Reproduce each line of the material exactly, minus any picture.

- Extracted entries
* * * * * * * * *

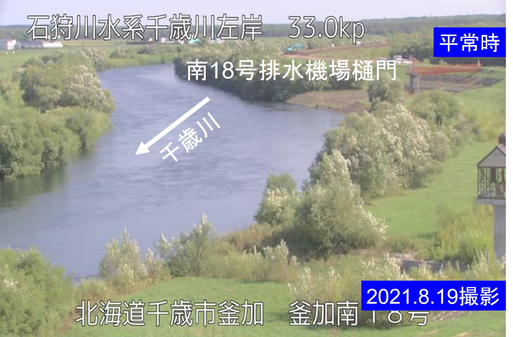 千歳川 33.0kp 釜加南18号周辺の河川ライブカメラ
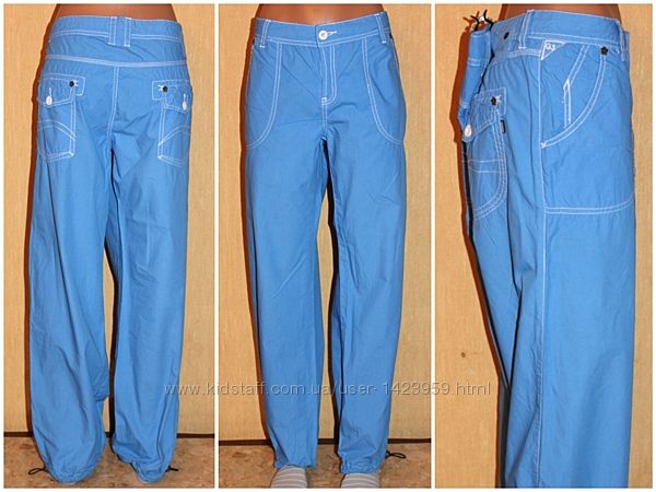 Брюки лето синий лёгкий коттон, g 3000 джинсовый 33р Ярко голубые летние брюки 100% коттон, G 3000 , состояние новых, ткань тонкая и приятная, белая отстрочка и фурнитура, 5 карманов, внизу можно затягивать на кулису ЗАМЕРЫ: ПОТ 50, ПОБ 61, Выс посадки 2
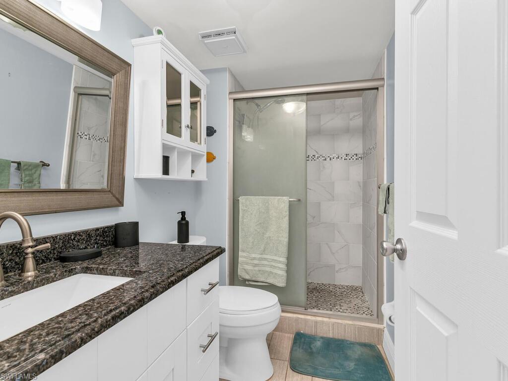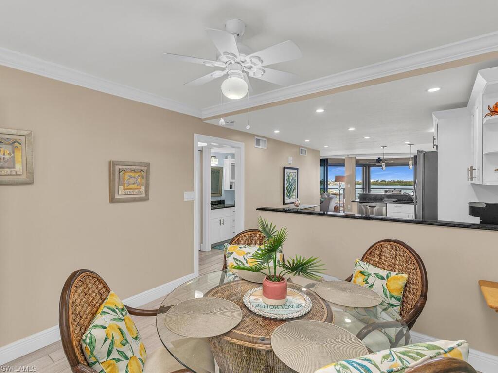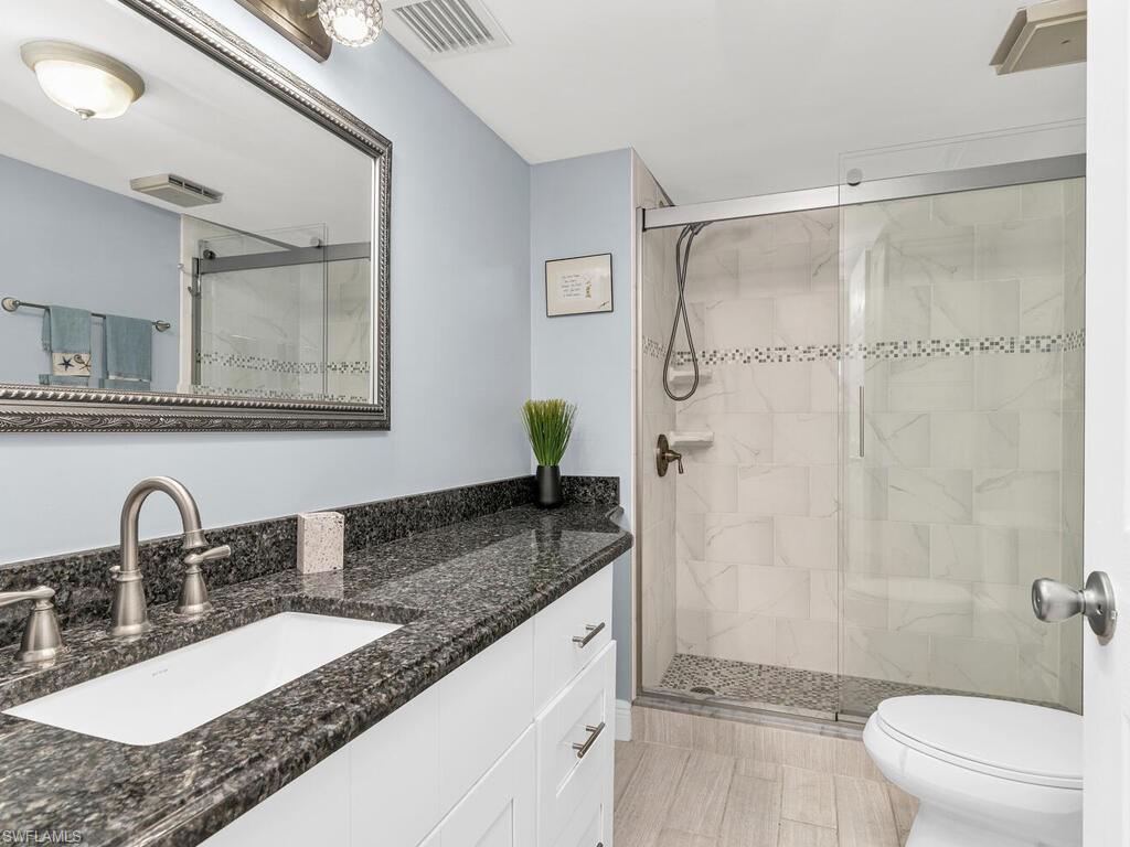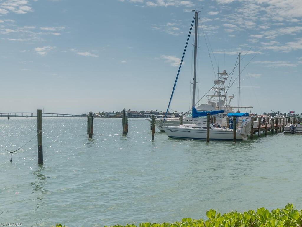 Completely renovated with amazing updates on this rare over-sized 2 bath condo located at Riverside Club in Old Marco.This high 5th floor condo in a quiet gated community has it all. Offering 1 bed and 2 baths and big views of the Marco River leading into the Gulf of America in just minutes. Amenities are endless; on site Marina with boat slips available for lease only $600 per year, tennis / pickleball courts, 2 pools and hot tubs, fishing pier and close proximity to restaurants and shopping. Remodel upgrades include custom driftwood ceramic flooring throughout, custom crown and base molding, freshly painted, new lighting and fans, A/C replaced in 2020, all new doors, custom kitchen cabinets with blue pearl granite kitchen counter tops, stainless kitchen appliances, washer/dryer in unit, new custom showers with tile and glass doors in both baths, all new hurricane impact windows along with electric roll down shutter, new updated lanai railings and screens. New community clubhouse at marina and so much more! Great investment unit with electric included in fees and nightly or weekly rentals allowed.
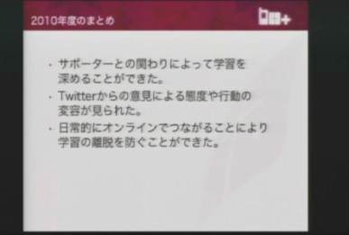 2011年はFACEBOOKを使ったシステムを考えていて、今後、このような学習支援が一般的になってくるだろう、とのこと。
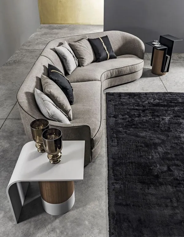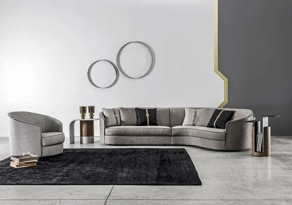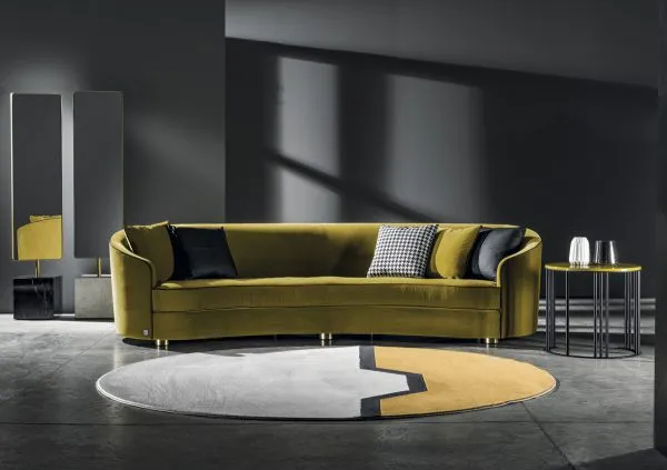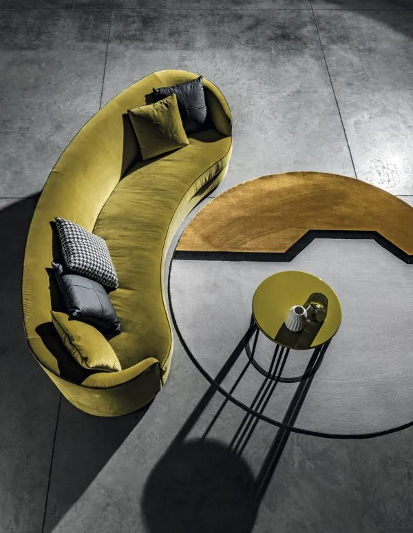 Изогнутые формы придают особый шарм дивану Positano. Контрастный профиль «усиливает» его фигуру. Лаконичный дизайн и золотые ножки; которые идеально сочетаются с цветом; делают модель маленьким шедевром с собственной историей. Несмотря на легкий «винтажный» шик; Positano выглядит очень современно.
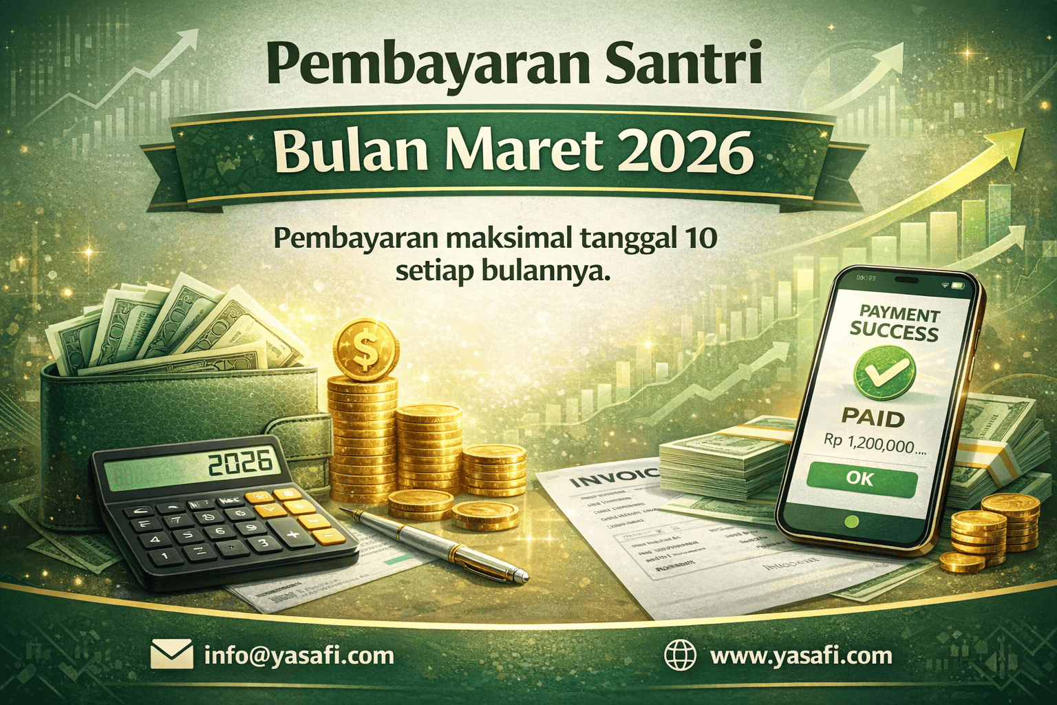 <p>Pembayaran santri bulan Maret 2026, sebegai berikut:</p><ol><li>Pembayaran bulanan (makan santri) : 120.000</li><li>Pembayaran laundry : 60.000</li></ol><p>Perlu kami sampaikan bahwa pembayaran maksimal tanggal 10 setiap bulannya.</p><p>Mengetahui,</p><p><strong>Sie Keuangan PP. As-Syafi'iyyah</strong></p><p><strong>__</strong></p>
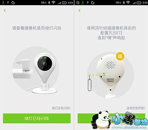 6、接下来是一个比较关键的步骤,需要取下说明书内页夹着的一个小金属顶针,将其插入摄像头背后的“Set”孔中,一直按着直到听到“嘀”的一声响起后,再点击APP最下方的“听到提示音”。

* * * * * * * * *

- Response
 千歳川 33.0kp 釜加南18号周辺の河川ライブカメラ
 Брюки лето синий лёгкий коттон, g 3000 джинсовый 33р Ярко голубые летние брюки 100% коттон, G 3000 , состояние новых, ткань тонкая и приятная, белая отстрочка и фурнитура, 5 карманов, внизу можно затягивать на кулису ЗАМЕРЫ: ПОТ 50, ПОБ 61, Выс посадки 2
 Completely renovated with amazing updates on this rare over-sized 2 bath condo located at Riverside Club in Old Marco.This high 5th floor condo in a quiet gated community has it all. Offering 1 bed and 2 baths and big views of the Marco River leading into the Gulf of America in just minutes. Amenities are endless; on site Marina with boat slips available for lease only $600 per year, tennis / pickleball courts, 2 pools and hot tubs, fishing pier and close proximity to restaurants and shopping. Remodel upgrades include custom driftwood ceramic flooring throughout, custom crown and base molding, freshly painted, new lighting and fans, A/C replaced in 2020, all new doors, custom kitchen cabinets with blue pearl granite kitchen counter tops, stainless kitchen appliances, washer/dryer in unit, new custom showers with tile and glass doors in both baths, all new hurricane impact windows along with electric roll down shutter, new updated lanai railings and screens. New community clubhouse at marina and so much more! Great investment unit with electric included in fees and nightly or weekly rentals allowed.
 2011年はFACEBOOKを使ったシステムを考えていて、今後、このような学習支援が一般的になってくるだろう、とのこと。
 Изогнутые формы придают особый шарм дивану Positano. Контрастный профиль «усиливает» его фигуру. Лаконичный дизайн и золотые ножки; которые идеально сочетаются с цветом; делают модель маленьким шедевром с собственной историей. Несмотря на легкий «винтажный» шик; Positano выглядит очень современно.
 <p>Pembayaran santri bulan Maret 2026, sebegai berikut:</p><ol><li>Pembayaran bulanan (makan santri) : 120.000</li><li>Pembayaran laundry : 60.000</li></ol><p>Perlu kami sampaikan bahwa pembayaran maksimal tanggal 10 setiap bulannya.</p><p>Mengetahui,</p><p><strong>Sie Keuangan PP. As-Syafi'iyyah</strong></p><p><strong>__</strong></p>
 6、接下来是一个比较关键的步骤,需要取下说明书内页夹着的一个小金属顶针,将其插入摄像头背后的“Set”孔中,一直按着直到听到“嘀”的一声响起后,再点击APP最下方的“听到提示音”。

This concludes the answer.